A very merry, mental Christmas

I can’t possibly navigate December without writing about the subject that effects my mental health to such a degree that it can make me smile, reminisce, cry, thankful and whimsical all in one go.

The Main Event!

The thing we spend all year working towards.

And I’m sure that many of you feel the same.

Christmas is my favourite time of year. How many people say that? Yawn. But it is.

I love the weather, the twinkling lights, the opportunity to eat everything in sight, the smell of cinnamon, mince pies, movies, Christmas dinner, laughter, good company, gratitude, pyjamas, slippers, Christmas music and of course, the cherry on the pie, PRESENTS. No, sorry, that last one was a joke. The best part of the festivities these days is watching the magic unfold through the eyes of our child.

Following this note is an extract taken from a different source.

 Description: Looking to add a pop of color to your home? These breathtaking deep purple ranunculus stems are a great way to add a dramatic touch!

This is the first year our little one understands Christmas and is clearly genuinely excited. I’ve already spent weeks listening to questions about the tree, rudolph, what gifts are being requested from Santa and how much good behaviour has been banked to obtain said gifts. My ears started bleeding last week. I surrender!

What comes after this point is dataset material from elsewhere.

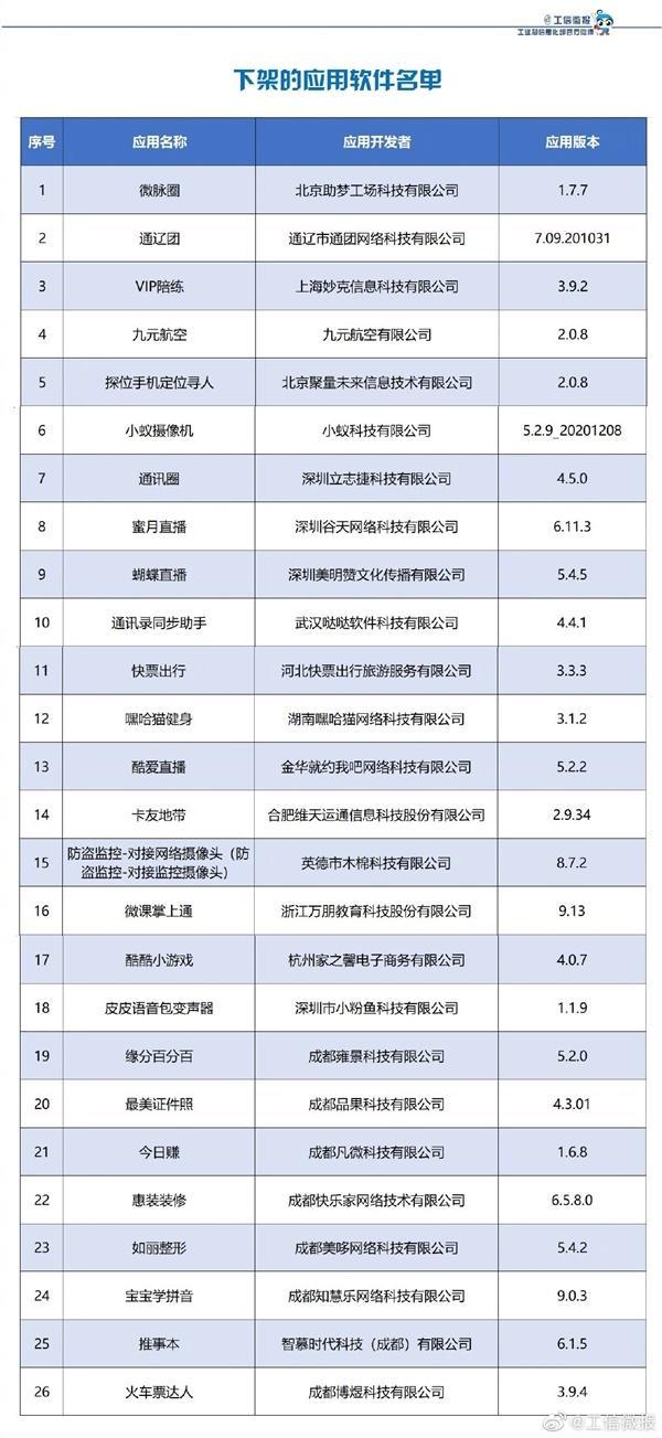 12月16日,工信部发布《关于下架侵害用户权益APP名单的通报》,要求相关应用商店下架微脉圈、VIP陪练、九元航空、蜜月直播、小蚁摄像机、微课掌上通等26款侵害用户权益APP。

Seriously though, listening to the chatter and watching as eyes become as bright as the North Star when they realise all the fun promised by the festive season, just rekindles thoughts of my own childhood christmases and the amazing time I had with my Mum and our many visitors.

People arrived throughout the fortnight of celebration, all of them came laden with food, drink, crockery (mum never had enough) and, of course, more gifts.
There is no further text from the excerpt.